Indian lifestyle accessories brand DailyObjects is in advanced discussions to raise approximately Rs 300 crore in fresh funding, according to a recent report by The Economic Times titled “Lifestyle accessories brand DailyObjects in talks to close Rs 300 crore funding.” The development signals renewed investor interest in direct-to-consumer (D2C) brands that combine design-led products with digital-first distribution strategies, even as funding across the broader startup ecosystem remains selective.
The Gurugram-based company, known for its range of tech accessories, bags, and everyday carry products, is reportedly engaging with a mix of existing and new investors for the round. While exact valuations and participating investors have not been publicly confirmed, the proposed funding would mark one of the largest recent capital infusions in India’s lifestyle accessories segment.
DailyObjects has built its brand around a curated, design-centric approach, differentiating itself in a crowded and price-sensitive accessories market. The company operates primarily through its online platform, complemented by a growing offline retail presence. Over the past few years, it has expanded its product portfolio and invested in supply chain capabilities to support faster delivery and greater customization.

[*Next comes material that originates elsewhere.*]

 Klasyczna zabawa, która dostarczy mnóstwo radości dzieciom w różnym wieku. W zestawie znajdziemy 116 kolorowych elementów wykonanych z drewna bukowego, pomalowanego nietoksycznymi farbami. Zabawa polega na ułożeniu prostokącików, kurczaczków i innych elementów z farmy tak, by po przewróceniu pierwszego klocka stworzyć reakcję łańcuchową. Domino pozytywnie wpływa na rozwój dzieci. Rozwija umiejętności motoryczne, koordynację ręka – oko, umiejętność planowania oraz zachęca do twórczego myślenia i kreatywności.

The potential fundraise comes at a time when D2C brands in India are recalibrating growth strategies amid tighter funding conditions. Investors have increasingly prioritized profitability, operational efficiency, and brand recall over rapid, cash-intensive expansion. In this context, DailyObjects’ ability to attract significant capital suggests confidence in its unit economics and long-term positioning.

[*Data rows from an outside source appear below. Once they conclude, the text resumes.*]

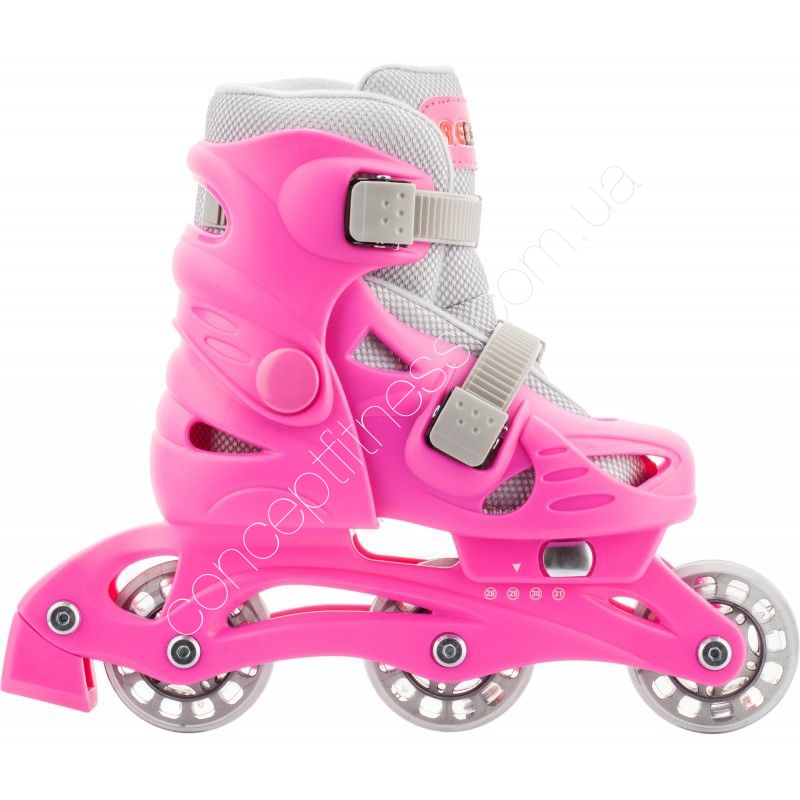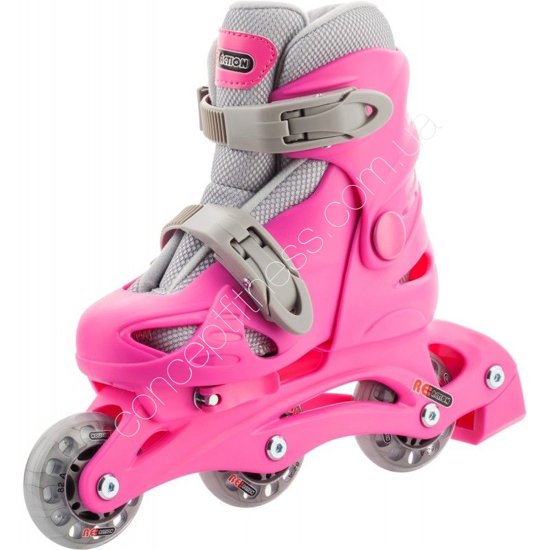 Роликові ковзани дитячі Reaction RC15G-X2 популярні серед дівчаток, створення для їзди по тротуарах, закритим спортивним майданчикам. Гарантія на обладнання 2 роки, воно характеризується яскравим дизайном, ергономічними формами, підійде не тільки для професіоналів, але і новачків. Фіксація на нозі відбувається двома кліпсами, надана можливість зміни по довжині, що дозволяє використовувати їх на протязі декількох років.
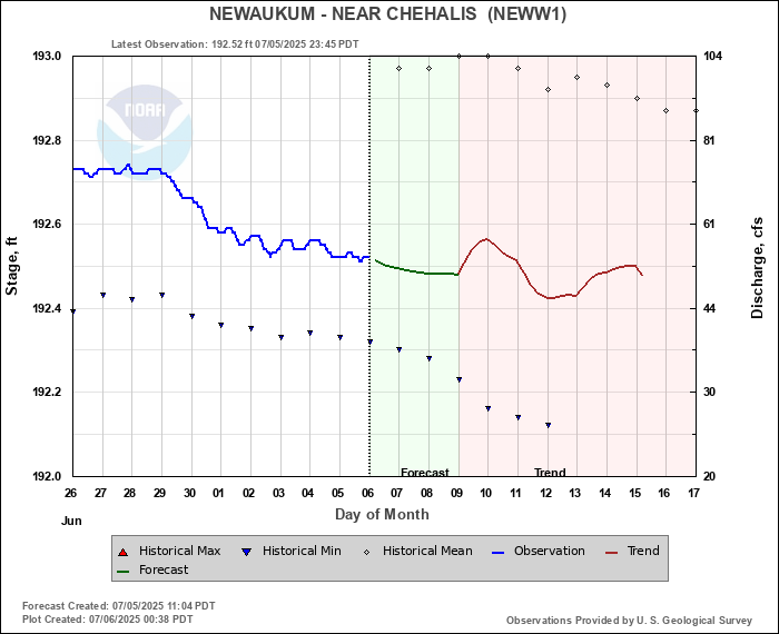 Daily Historical Statistics for January 31, 2026 Mean Stage: 196.02 ft Mean Flow: 1080 cfs Max Stage: 204.01 ft Max Flow: 6490 cfs (2003) Min Stage:  193.23 ft Min Flow: 140 cfs (1977)
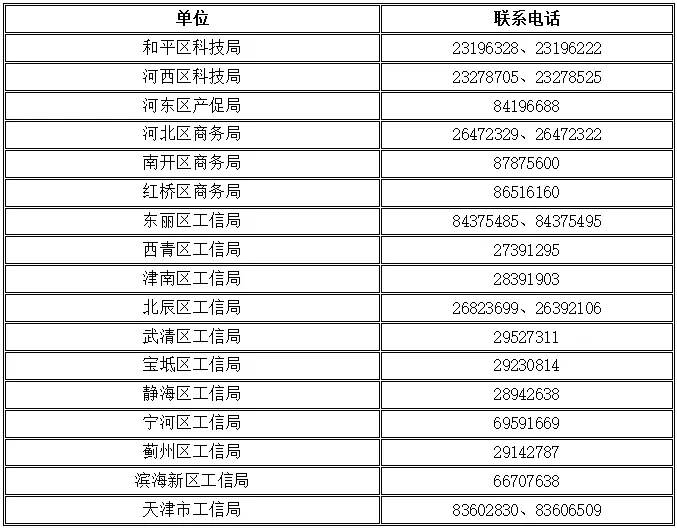 为解决省际之间(不包括防范区、管控区、封控区)应急物资运输问题,进一步落实《关于印发天津市疫情防控期间应急物资运输保障工作方案的通知》(津新冠防指〔2022〕10号)要求,方便工业企业向各区工业和信息化主管部门申请通行证,现将联系方式公布如下:

Industry observers note that the lifestyle accessories category remains underpenetrated relative to larger consumer segments such as apparel and electronics, offering room for sustained growth. However, competition from both international brands and domestic startups has intensified, placing pressure on margins and customer acquisition costs.
According to The Economic Times report, the new capital, if secured, is expected to be deployed toward expanding product lines, strengthening brand visibility, and scaling distribution channels, particularly offline retail. The company may also invest in technology and logistics to improve customer experience and operational efficiency.

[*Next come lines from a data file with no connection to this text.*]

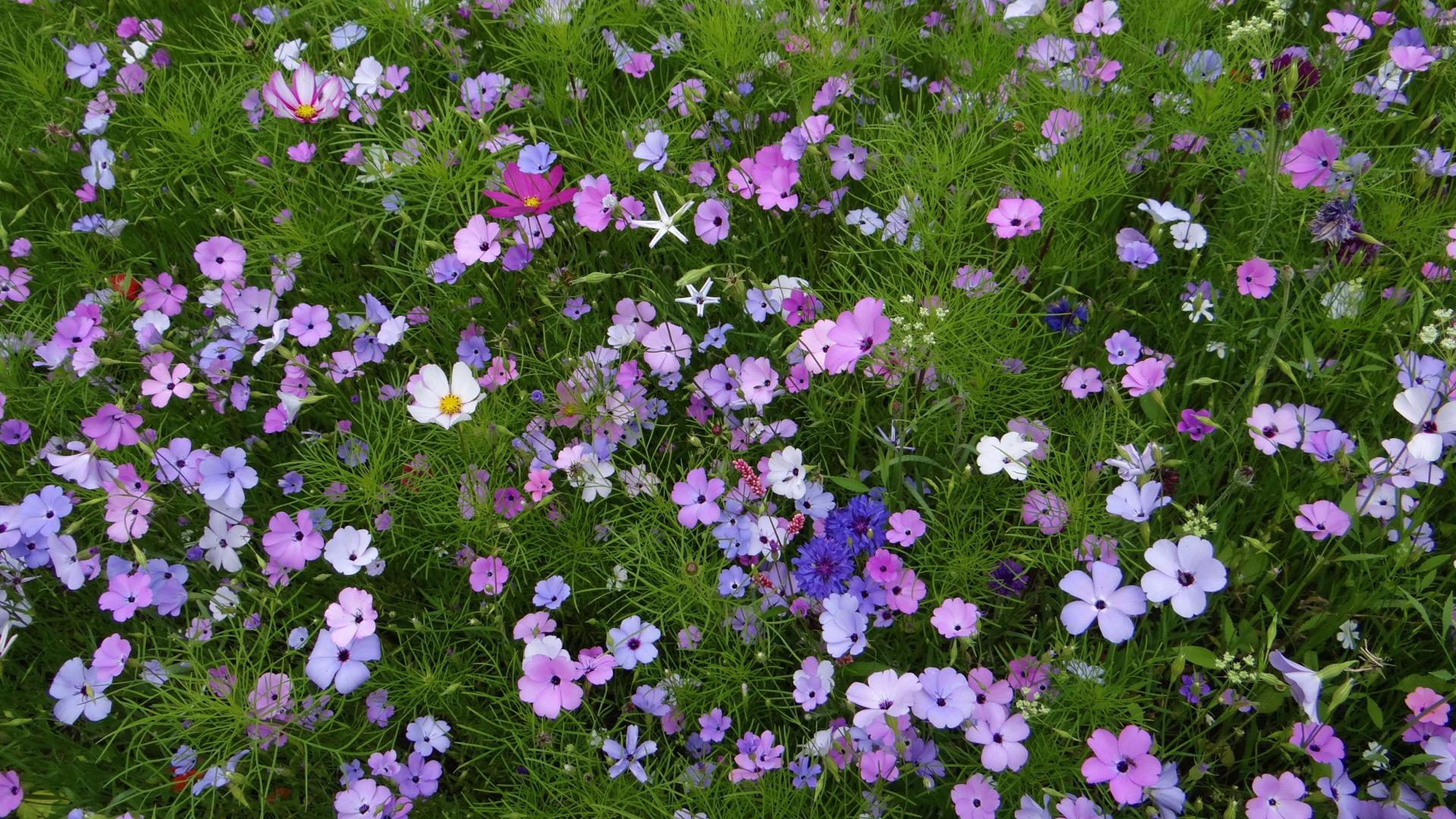 Обои Красивые полевые цветы космея и голубые васильки
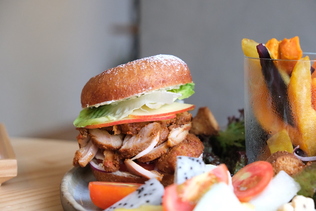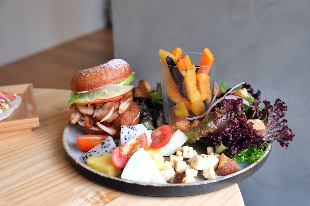 原本我們想點南洋塔香辣鮮蝦口味,很可惜賣完了~退而求其次點了這款…將甜甜圈塗上歐芹乳酪醬,內餡夾入濃郁的煙燻紅椒雞腿肉,看似會很重口味但其實完全不會唷,雞腿肉的調味是恰到好處,加上蘋果切片與生菜,搭著吃非常爽口不膩,大家最好奇的甜甜圈口感,我覺得很扎實,比較類似歐式麵包,並不是大家想像中的台式甜甜圈口感,所以做成鹹食是非常合理的,另外我們有加購升級套餐,套餐會多了生菜水果沙拉、小食、優格跟飲品,特別喜歡那杯三色地瓜條,是先水煮再烤,加上很簡單的調味,可以吃到地瓜最原始的甘甜,口感也極好!
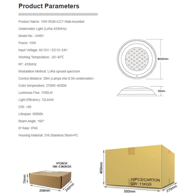 Product Name: 15W RGB+CCT Wall-mounted Underwater Light (LoRa 433MHz)
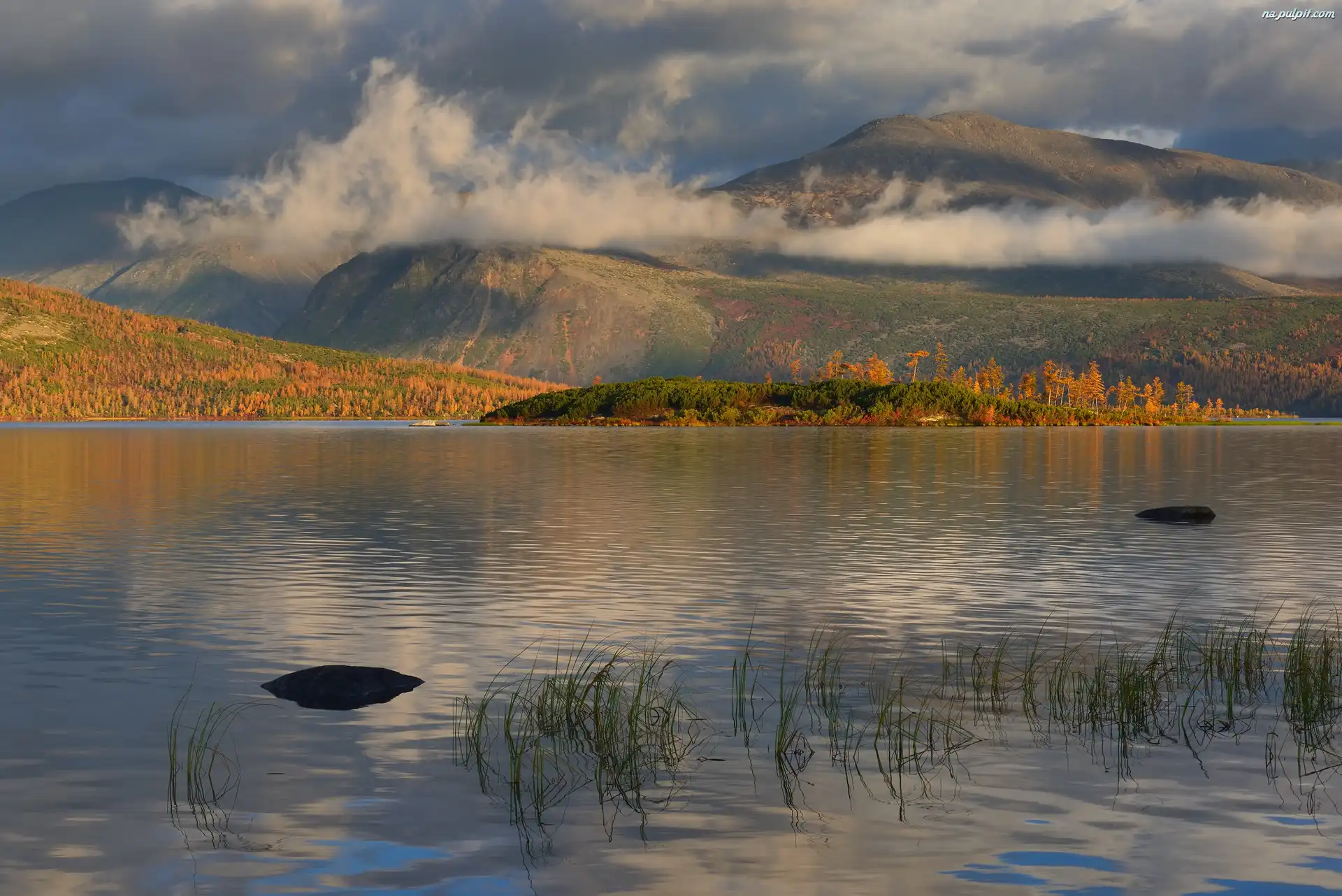 Rosja, Jezioro Jack London, Obwód magadański, Mgła, Góry Kołymskie, Jesień, Kołyma Na Pulpit
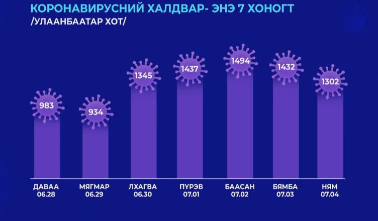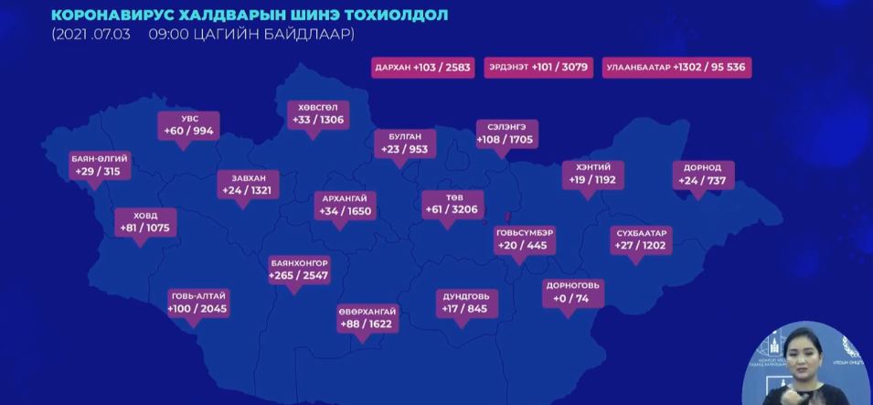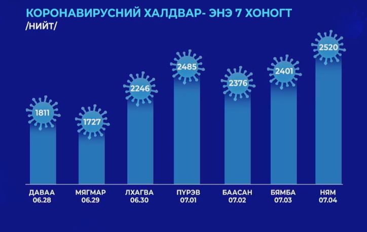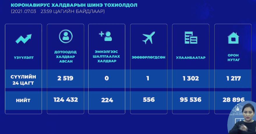 Сүүлийн 24 цагийн хугацаанд 9000 орчим сорьцод шинжилгээ хийхэд, ковидын 2520 тохиолдол улсын хэмжээнд батлагдлаа. Ингэснээр нийт батлагдсан тохиолдол 125.260 болж байна. Өнгөрсөн нэг өдрийн хугацаанд уг өвчний хүнд хэлбэрийн улмаас 8 хүн амь насаа алдсан харамсалтай мэдээллийг дуулгалаа. Монгол Улс өнөөдрийн байдлаар 617 иргэнээ энэ өвчний улмаас, цаг бусаар алдаад байна. Сүүлийн хоногт 1886 хүн эдгэрч, нийт эдгэрсэн хүний тоо 84.819 болж байна.

DailyObjects’ growth trajectory reflects a broader trend in India’s consumer market, where digitally native brands are attempting to transition from niche online players to omnichannel retail businesses. Success in this transition often depends on balancing brand identity with scale, while maintaining cost discipline.
If the funding round closes as anticipated, it would reinforce the narrative that well-positioned D2C brands can still command investor interest, provided they demonstrate clear pathways to sustainable growth.